Ecosystem growth and stablecoin flows strengthen network fundamentals this week
Solana dApps generated $257 million in revenue during Q2 2026, leading all Layer 1 and Layer 2 blockchains for the ninth consecutive quarter. Circle increased its USDC issuance on Solana in June 2026 by minting another $1 billion, pushing the yearly total to $64.25 billion and demonstrating robust stablecoin usage on the network. The network has also introduced an onchain governance system, giving validators more influence in decision-making, and saw the launch of the World prediction market platform within the Phantom wallet using Chainlink oracles.
Persistent bearish bias despite rally as weekly momentum stays weak
On the weekly chart, SOL remains below the MA-20, MA-50, and MA-200, with the MA-20 at $82.14 acting as the nearest resistance and dynamic cap on price action. Key weekly support lies at $62.30, while resistance is identified at $85.30. Weekly momentum indicators, including MACD (Strong Sell) and ADX (Sell), still point to lingering bearishness despite the sharp rally, and oscillators such as RSI, Stochastic RSI, and CCI all signal oversold conditions. Bull/Bear Power indicates sellers still have the upper hand, suggesting the rally is not yet supported by a durable shift in sentiment.
Range-bound outlook ahead as bearish momentum signals downside risk
Looking ahead to the next 7 days, the anticipated price corridor is $62.30 to $85.30, reflecting ongoing heightened volatility. With all four major weekly momentum indicators still bearish, the probability of a sustained upside move above resistance is very low (less than 20%). The baseline scenario is sideways consolidation inside this range, unless SOL breaks below $62.30 to trigger a deeper retracement or above $85.30 to spark further short covering. Current technicals point to a period of range-bound action with downside risk prevailing.

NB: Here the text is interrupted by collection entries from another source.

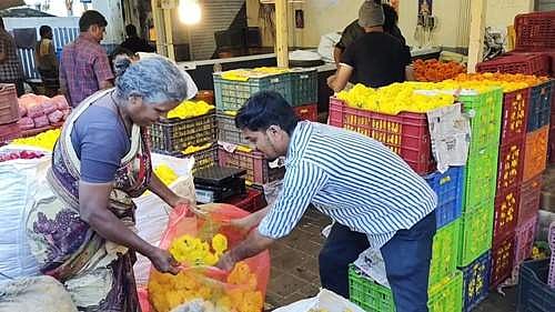 இந்நிலையில் அடுத்த வாரம் ஓணம் பண்டிகை வரவுள்ளதை ஒட்டியும், முகூர்த்த நாள்கள் தொடர்ச்சியாக வருவதனாலும் பூக்களின் விலை உயர்ந்துள்ளது. இது குறித்து பூ வியாபாரிகள் கூறுகையில், மல்லி, முல்லை பூக்கள் செப்டம்பர் 8 ஆம் தேதி வரை நல்ல விலை இருக்குமென தெரிவித்தனர்.
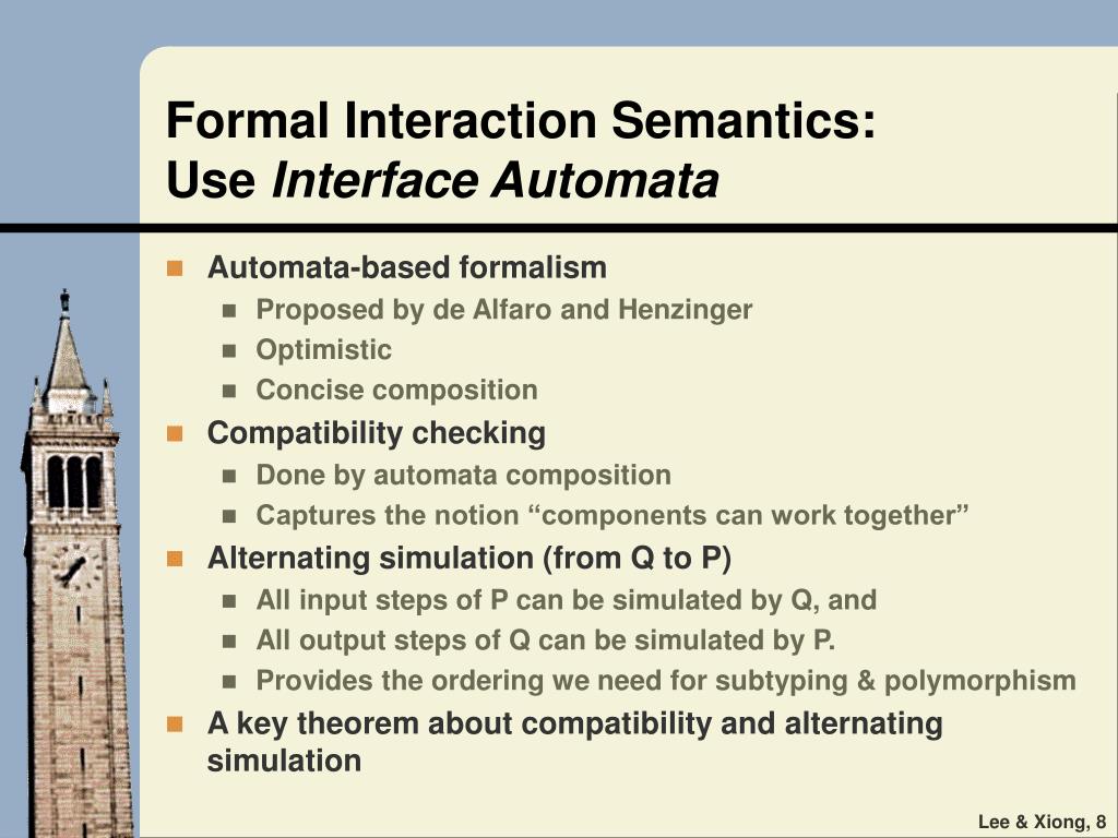 Outline • Component-based design • System-level types • Interface Automata • Interaction Types and Component Behavior • Type Checking • Type Order and Polymorphism • Design Tradeoffs • Conclusion
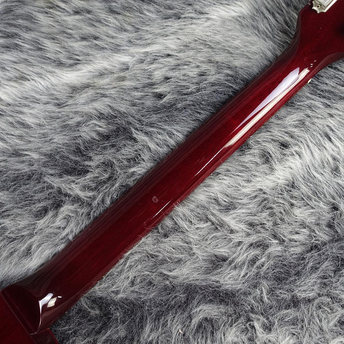 中古品につき全体に打痕や擦り傷、ハードウェア類にくすみや傷み、ネック裏およびヘッド裏先端にやや目立つ塗装の反応痕、ボディサイドに塗装のクラック等が見受けられるものの比較的キレイな外観をキープしています。
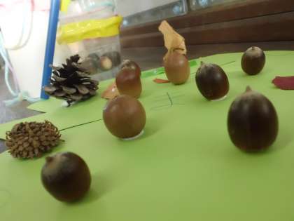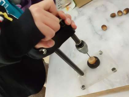 どんぐりに穴をあけて,どんぐりごまを作ったり,
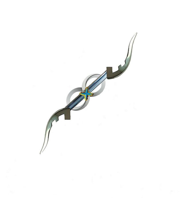 因菲尼特·永恒无限{将两个头镖进行组合的高速旋转而形成圆形屏障挡下,从屏障中拿出一把酷似安德鲁美洛斯的双重斩枪的双刃大刀}
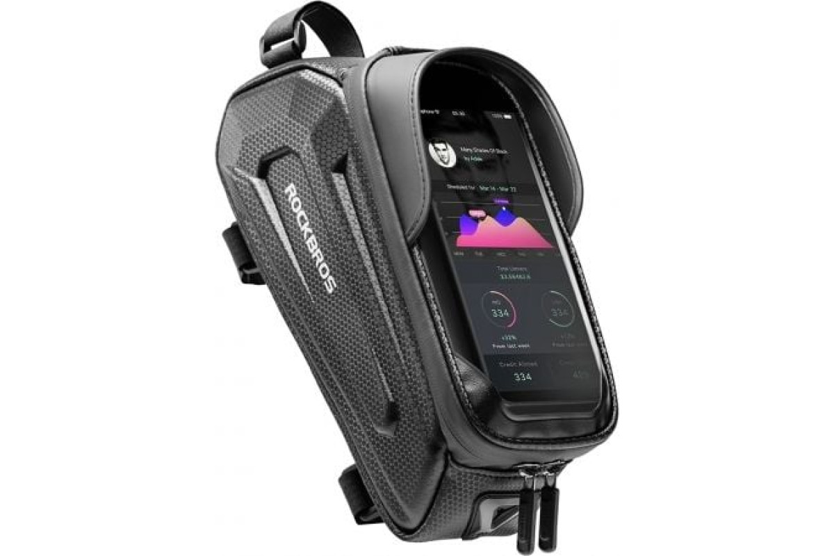 Водонепроникна велосипедна сумка від Rockbros - ідеальний аксесуар для кожного любителя двох коліс. Сумка кріпиться на раму велосипеда, яка також є зручним місцем для зберігання та чохлом для нашого смартфона. Оснащений прозорим віконцем, чохол дозволяє використовувати телефон (розміри: 18х9 см) в дорозі, як навігацію або музичний плеєр, тому що сумка також має вихід для навушників. Усе це без зупинки. Тримач виготовлений з увагою до деталей з високоякісного матового і твердого ПК, завдяки чому вам не доведеться турбуватися про свої гаджети при ударах або падіннях на бік.
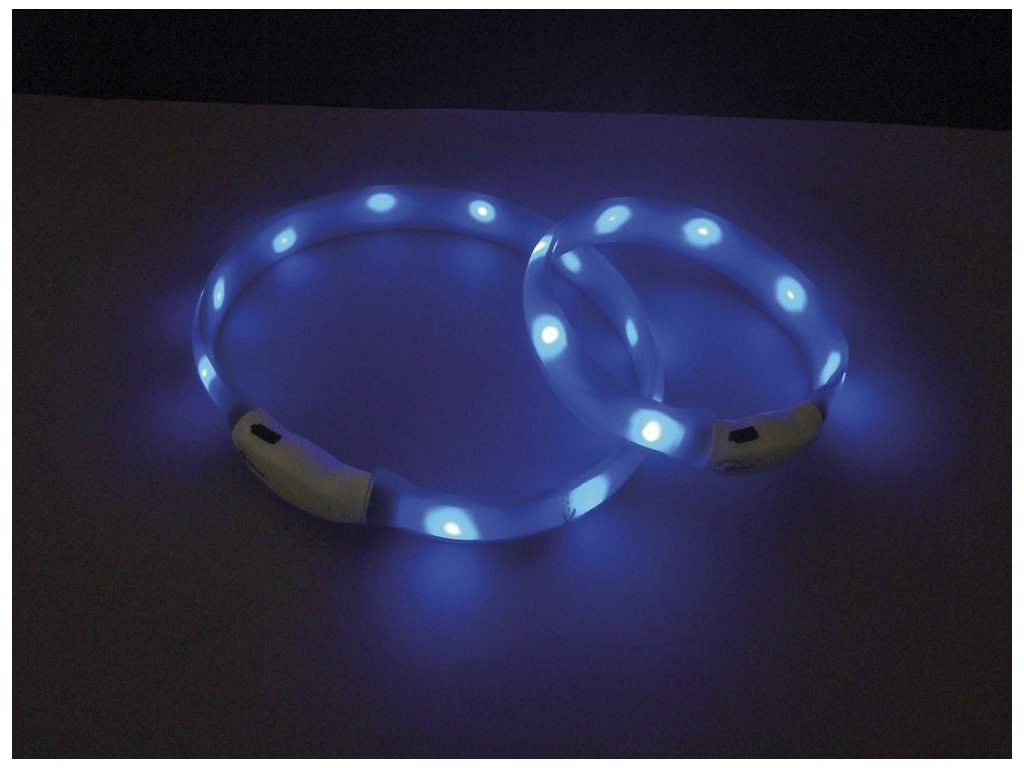 Široký svítící obojek Nobby potažený silikonem. Je vhodný především pro psy s delší nebo středně hustou srstí, ve které běžné obojky zanikají a vydávané světlo pak není dostatečně intenzivní. Obojek může blikat a nebo nepřetržitě svítit. Snadné USB dobíjení bez výměny baterií. Viditelná vzdálenost až 500 m. Obojek je odolný proti vlhkému prostředí ( mlhy, ranní rosa, déšť). Velikost: délka 40 cm, šíře 25 mm. (obojek lze zastřihnutím zkrátit na libovolný obvod krku) Výdrž: obojek svítí 3 hodiny a bliká až 4 hodiny Upozornění: Kroužek nepoužívejte k zachycení vodítka. Při zašpinění otřete hadříkem.Doplňkové parametry
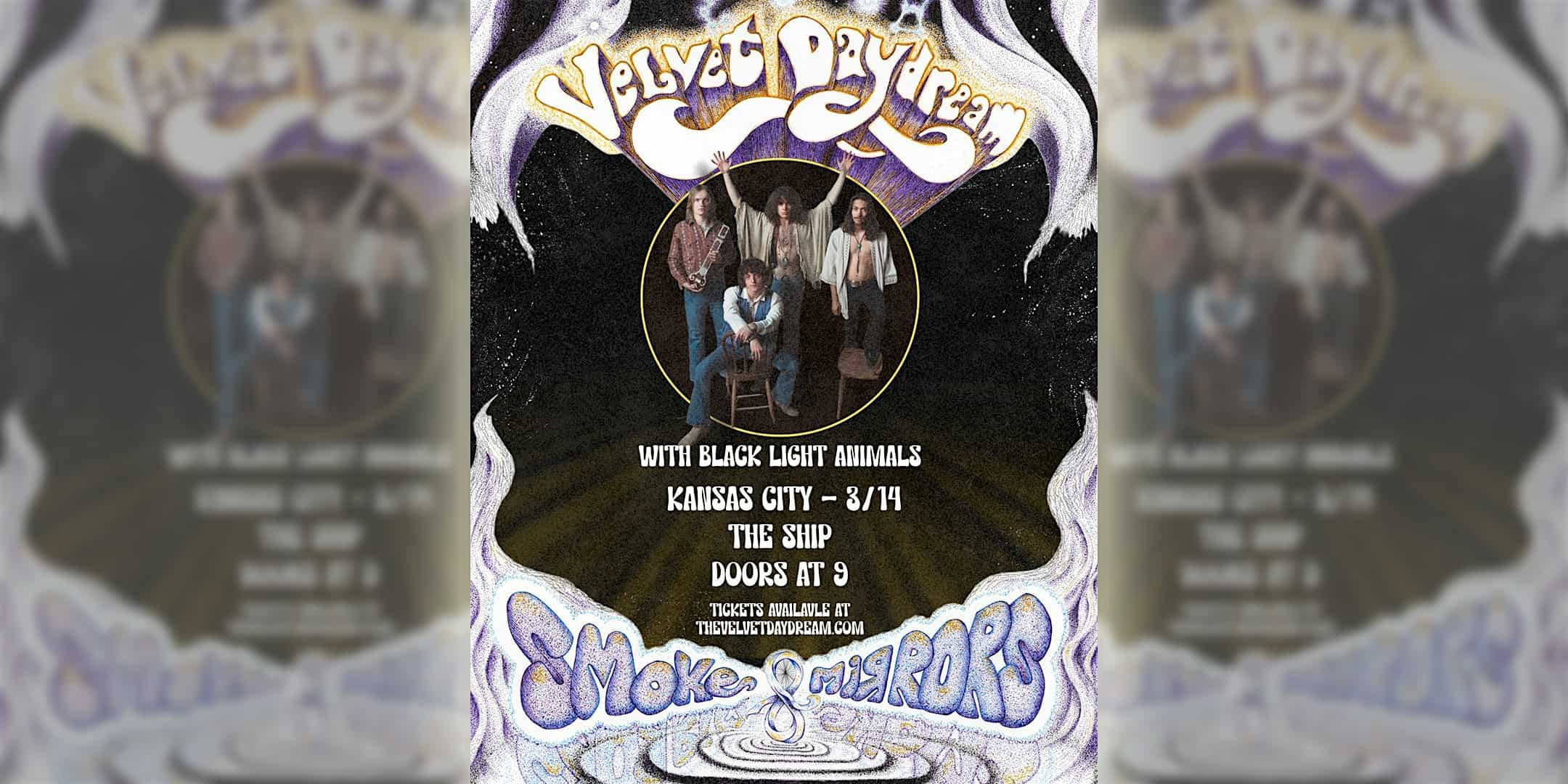 by admin23Feb VELVET DAYDREAM (denver) with Black Light Animals at The Ship – Kansas City, MO VELVET DAYDREAM (denver) with Black Light Animals at The Ship – Kansas City, MO 1 1 people viewed this event. Denver supergroup VELVET DAYDREAM returns to rock The Ship with Black Light Animals Tickets-RSVP Link Date And Time Saturday, March 14th, 2026 09:00 PM (PST) Venue The Ship Location 1221 Union Avenue, Kansas City, MO 64101 Event Types Concert or PerformanceMusic Event Category Kansas CityMissouri Share With Friends Facebook Twitter Linkedin Xing Pinterest Share This Post:
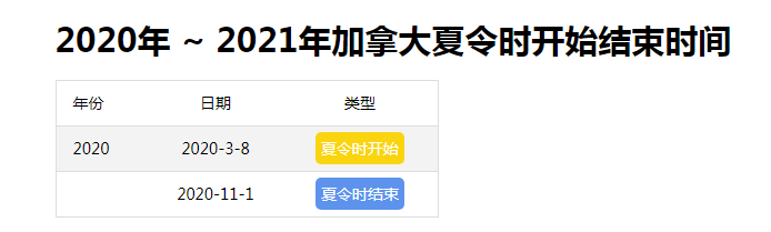 从2007年开始,加拿大遵从北美夏令时标准,每年3月第2个周日开始夏令时并把时钟往前调1小时,每年11月第1个周日结束夏令时并把时钟往后调1小时。以2017年为例,加拿大2017年夏令时从3月12日开始,到11月5日结束。
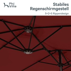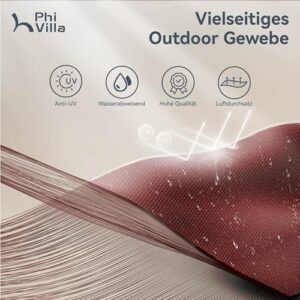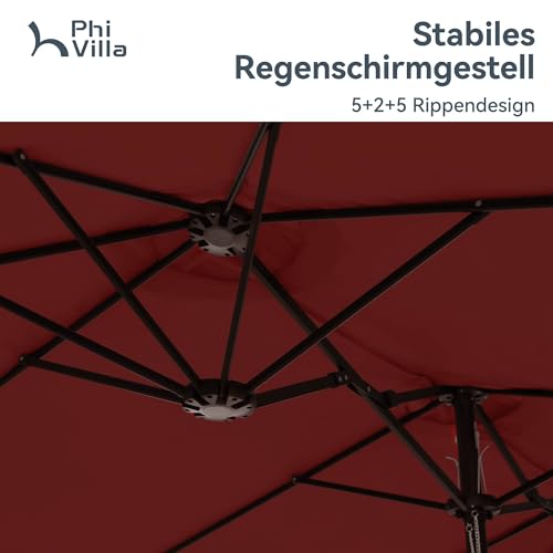 - Hochwertiger Stoff: Das Schirmdach unseres doppelseitigen PHI VILLA-Schirms für den Außenbereich ist aus 100 % Polyester gefertigt. Er ist wasserdicht, atmungsaktiv, ausbleichfest, UV-beständig und leicht zu reinigen, damit er die Jahreszeiten überdauert
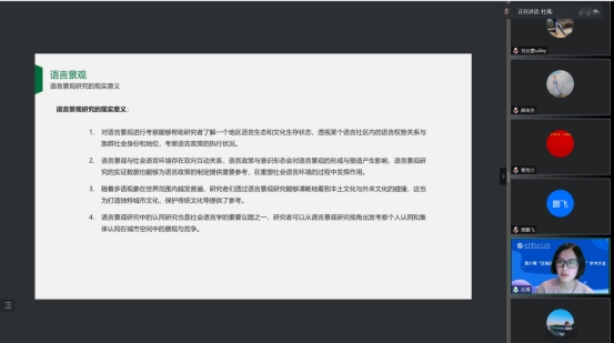 杜禹首先从语言景观的定义、产生背景和主要功能进行话题的切入,详细阐述了课题选题的缘起,然后就语言景观的研究对象、现实意义和研究现状进行了整体介绍。她以青岛德国风情街语言景观调查研究为例,结合相关的研究理论与方法进行了实证研究的过程性分享,同时提出了课题研究所面临的挑战。该研究视角新颖独特,使大家耳目一新,引起广泛讨论。
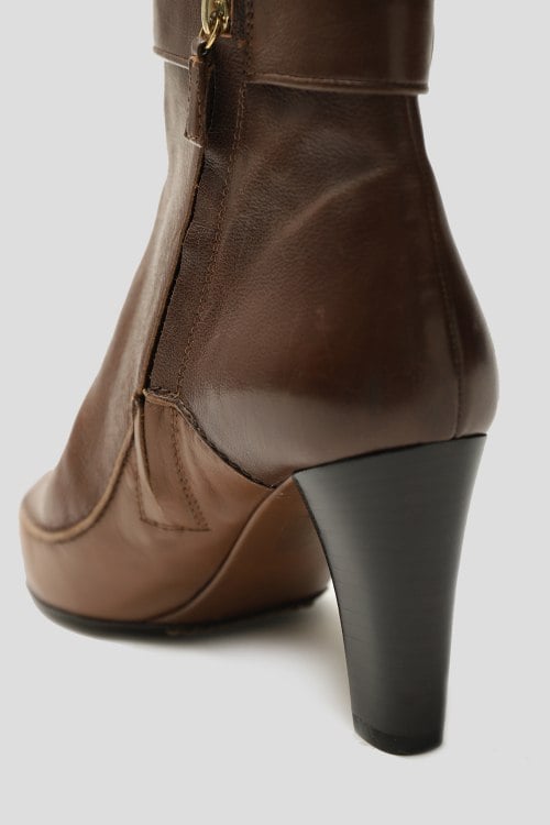 Детали: Женские коричневые ботильоны из натуральной кожи от Pollini (Поллини). Миндалевидный носок, сбоку застежка на молнию, высокий каблук. Измерения: высота каблука: 8,5 см, высота голенища: 11 см

Earlier, analysts noted that despite Solana's strong network fundamentals and technical breakouts, broader market weakness continued to limit meaningful upside for SOL. The latest technical and on-chain developments reinforce this view, suggesting traders should closely monitor the $62.30 support for signs of further downside risk amid persistent selling pressure and lack of momentum confirmation.